Comment 31 Thijs Alkemade 2013-09-17 14:48 UTC
This change broke connectivity to servers that actually care about security.

SSLv3 is not recommended anymore:

"SSL v3 is very old and obsolete. Because it lacks some key features and because virtually all clients support TLS 1.0 and better, you should not support SSL v3 unless you have a very good reason." (https://www.ssllabs.com/projects/best-practices/)

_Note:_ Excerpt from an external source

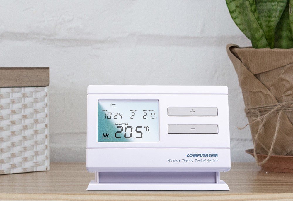 Termostatul de cameră COMPUTHERM Q7RF este un termostat programabil cu funcționare wireless (fără fir) și este adecvat pentru comandă unui aparat de încălziresau de climatizare, fiind compatibil cu majoritatea cazanelor de încălzirecentrală comercializate înRomânia.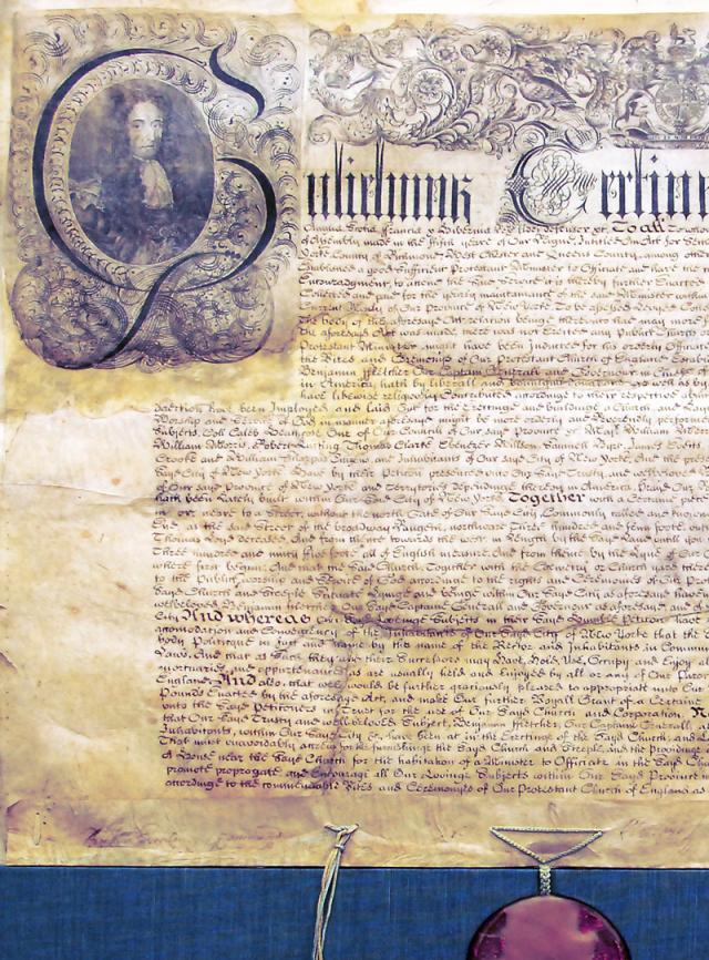 Before Trinity could become the first official Anglican church on the island of Manhattan, we needed permission from the crown to exist. King William III granted Trinity Church its charter in 1697, and we’ve kept it safe ever since. The original four-page document is preserved in a temperature-controlled vault in Trinity’s Archives. It was written in English — rare for the time, since most official documents were written in Latin or French. The charter came with an elaborate sketch of King William III and the king’s official red seal. The seal has degraded over the past three centuries, but the missing areas have been patched over with wax.

Forcing Mercurial to *only* use SSLv3 is stupid. If you insist on supporting SSLv3, then you should at least still *allow* TLS 1.0, 1.1 and 1.2. If there are servers like in the OP that break with TLS 1.0+, then there should be a flag to force Mercurial to use a specific version of TLS.
Comment 32 Matt Mackall 2013-09-17 16:06 UTC
The intent of the patches is to disable SSLv2 and force _at least_ SSLv3 (many servers still don't support TLS), which should be clear from reading this report and the patches. Prior to this, Python defaulted to using SSLv23_method() in OpenSSL.

Looking at the OpenSSL source (ssl/s23_meth.c), it appears that with appropriate compile flags, SSLv23_method will provide v2, v3, or TLS, while the SSLv3 method does not provide a corresponding "or higher" semantic. Unfortunately, Python provides very narrow access to OpenSSL, and it may be difficult to actually achieve the desired effect.

New bug opened as bug #4039, this bug left in state TESTING.
Comment 33 Matt Mackall 2013-10-19 16:29 UTC
Assuming fixed.
Comment 34 Michael Hallock 2014-02-04 14:30 UTC
I seem to still have this issue with Mercurial 2.8.2 and Python 2.7.6. Large pushes cut off right around the 30 Mb mark still.

Using TortoiseHg 2.10.2 (Base mercurial 2.8.2), both from GUI and command line.